→ **Task description**:
Transcribe the following records exactly, images excluded.

→ **Stored data**:
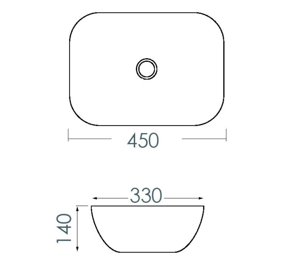 A2 - Rectangle Countertop Basin 450 x 330 x 140
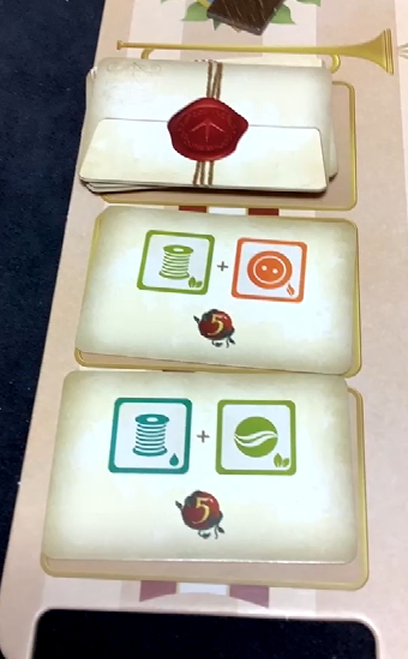 主にこのアイコンのカードを獲得します。初期に一枚手札にありますが、これの効果をどちらか1つを自分のターンに任意で行えます。右側のアイコンし納品するときに使いますので説明は後ほど。
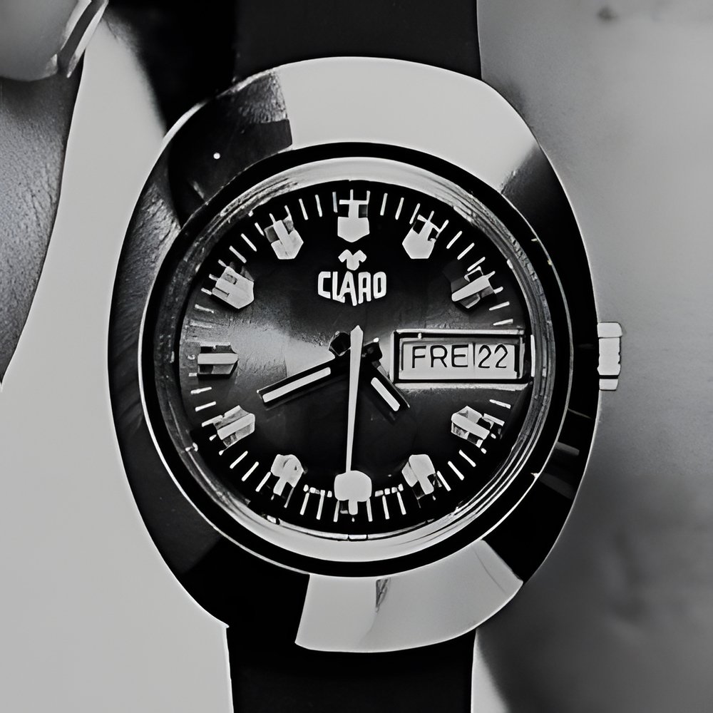 A chic though economical man’s watch with large, polished chromed case. High-rise hour markers and day-date calendar. (CLARO)
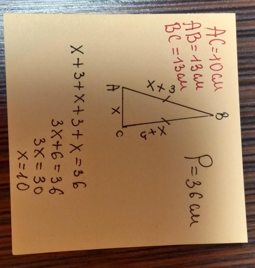 знайдіть сторони рівнобедреного трикутника, якщо бічна сторона на 3 см більша за основу, а периметр трикутника дорівнює 36 см.
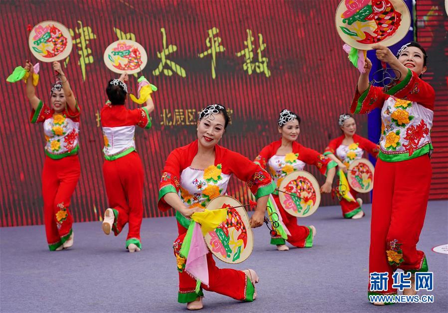 6月26日,天津市北辰区文化馆飞天舞蹈队的演员在表演《津门太平鼓》。当日,由京津冀三省市非物质文化遗产保护中心联合主办的“京津冀特色非物质文化遗产项目展示展演”在河北省秦皇岛市抚宁区开幕。此活动为期两天,将有来自京津冀地区的19支队伍共300余名演员为观众献上传统非遗表演。新华社记者 杨世尧 摄
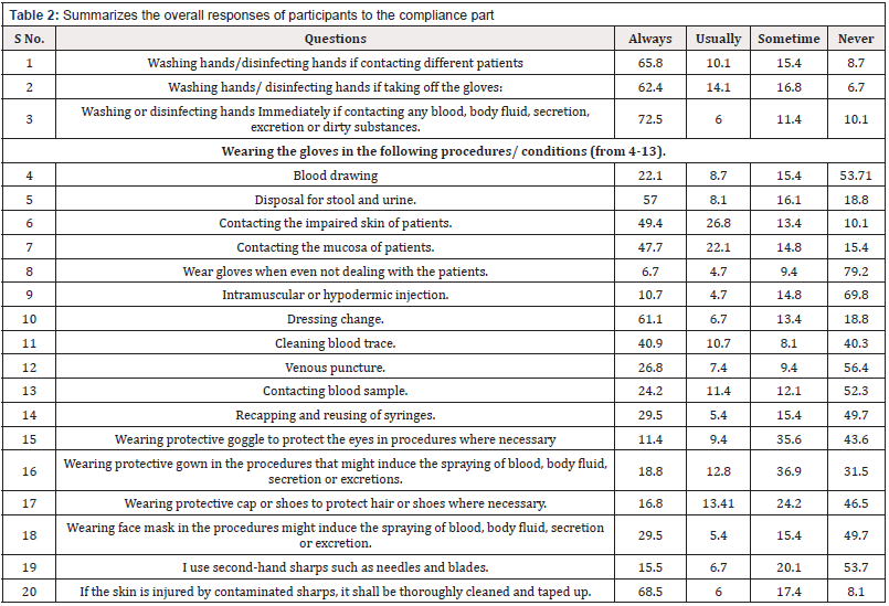 A study conducted in China by Luo, Y on nurses’ compliance to SPs found that 64% of nurses have good compliance to standard precautions. Study on student’s compliance to SPs in six public and four private universities in Joran resulted in mean compliance score was 67.4% [10]. Whereas students in Mazdaran hospital depicted different findings; the study reported that that 6% to 37% of health care workers and 47% medical students don’t know about standard precautions [15]. Students nurses in different hospitals of Hong Kong China shows that the overall compliance frequency was 4.38+0.40 out of 5 [16]. Mean compliance of students’ nurses in Jordin was 67 out of 80 marks [16,17]. Whereas 57% of the HCWs including doctors and Nurses has good compliance to SP in Zagazig university hospital Egypt [18].
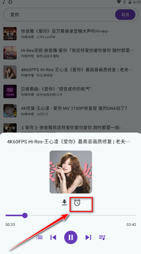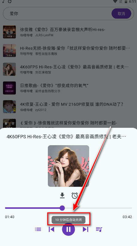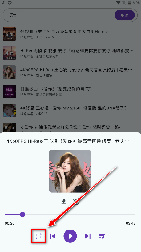 6.点击模式符号,可以切换单曲循环、列表循环、随机模式、循序播放等等。
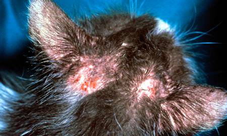 Chez les chats, les principales zones de développement de la maladie sont la zone autour du nez, de la bouche, derrière les oreilles.
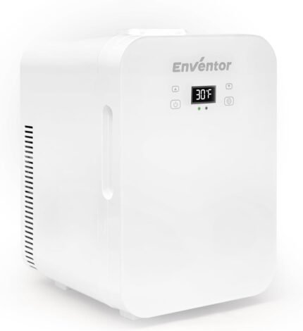 Enventor 10L Mini Refrigerator Skincare Fridge, AC 120V DC 12V Mini Portable Thermoelectric Cooler and Warmer Refrigerators with LCD Temperature Display for Cosmetics, Food, Office and Car (White)
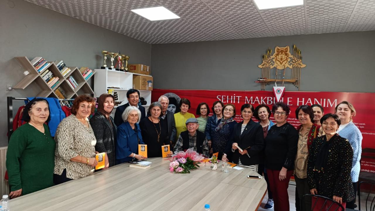 Yapılan söyleşinin ardından Gördes Kültür ve Doğa Derneği Başkanı Emine Ataman Koç yazarlara çiçek takdim etti.
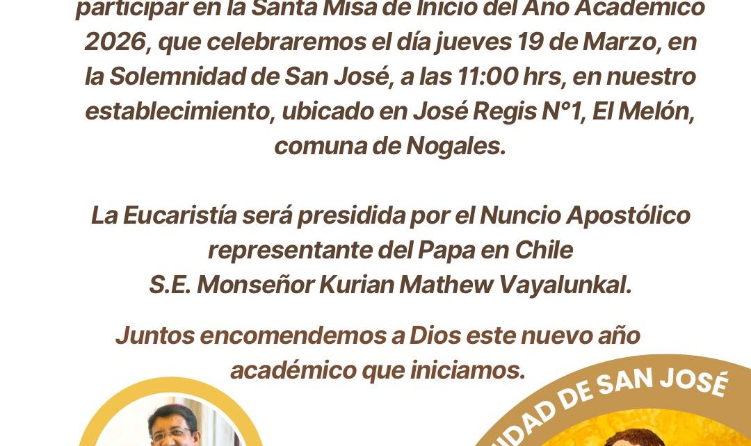 Con mucha alegría como Comunidad Educativo Pastoral Colegio Carmelita Felipe Cortés, los invitamos a acompañarnos en la Santa Misa de Inicio del Año Académico 2026, que celebraremos el jueves 19 de marzo, en la Solemnidad de San José, a las 11:00 horas, en nuestro establecimiento ubicado en José Regis N°1, El Melón, comuna de Nogales. […]
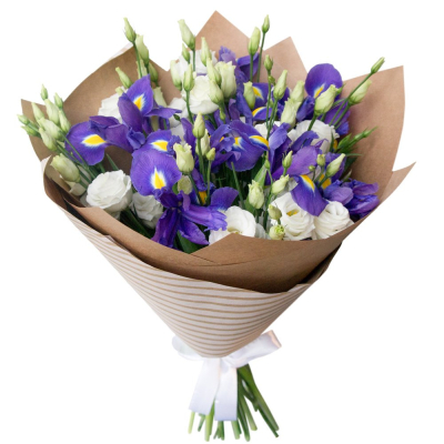 Утонченная композиция из свежих синих ирисов и нежных белых эустом – воплощение элегантности и чистоты. Идеальный выбор для особых моментов. Цветы с доставкой Вытегра.

→ **Solution for this exercise**:
 A2 - Rectangle Countertop Basin 450 x 330 x 140
 主にこのアイコンのカードを獲得します。初期に一枚手札にありますが、これの効果をどちらか1つを自分のターンに任意で行えます。右側のアイコンし納品するときに使いますので説明は後ほど。
 A chic though economical man’s watch with large, polished chromed case. High-rise hour markers and day-date calendar. (CLARO)
 знайдіть сторони рівнобедреного трикутника, якщо бічна сторона на 3 см більша за основу, а периметр трикутника дорівнює 36 см.
 6月26日,天津市北辰区文化馆飞天舞蹈队的演员在表演《津门太平鼓》。当日,由京津冀三省市非物质文化遗产保护中心联合主办的“京津冀特色非物质文化遗产项目展示展演”在河北省秦皇岛市抚宁区开幕。此活动为期两天,将有来自京津冀地区的19支队伍共300余名演员为观众献上传统非遗表演。新华社记者 杨世尧 摄
 A study conducted in China by Luo, Y on nurses’ compliance to SPs found that 64% of nurses have good compliance to standard precautions. Study on student’s compliance to SPs in six public and four private universities in Joran resulted in mean compliance score was 67.4% [10]. Whereas students in Mazdaran hospital depicted different findings; the study reported that that 6% to 37% of health care workers and 47% medical students don’t know about standard precautions [15]. Students nurses in different hospitals of Hong Kong China shows that the overall compliance frequency was 4.38+0.40 out of 5 [16]. Mean compliance of students’ nurses in Jordin was 67 out of 80 marks [16,17]. Whereas 57% of the HCWs including doctors and Nurses has good compliance to SP in Zagazig university hospital Egypt [18].
 6.点击模式符号,可以切换单曲循环、列表循环、随机模式、循序播放等等。
 Chez les chats, les principales zones de développement de la maladie sont la zone autour du nez, de la bouche, derrière les oreilles.
 Enventor 10L Mini Refrigerator Skincare Fridge, AC 120V DC 12V Mini Portable Thermoelectric Cooler and Warmer Refrigerators with LCD Temperature Display for Cosmetics, Food, Office and Car (White)
 Yapılan söyleşinin ardından Gördes Kültür ve Doğa Derneği Başkanı Emine Ataman Koç yazarlara çiçek takdim etti.
 Con mucha alegría como Comunidad Educativo Pastoral Colegio Carmelita Felipe Cortés, los invitamos a acompañarnos en la Santa Misa de Inicio del Año Académico 2026, que celebraremos el jueves 19 de marzo, en la Solemnidad de San José, a las 11:00 horas, en nuestro establecimiento ubicado en José Regis N°1, El Melón, comuna de Nogales. […]
 Утонченная композиция из свежих синих ирисов и нежных белых эустом – воплощение элегантности и чистоты. Идеальный выбор для особых моментов. Цветы с доставкой Вытегра.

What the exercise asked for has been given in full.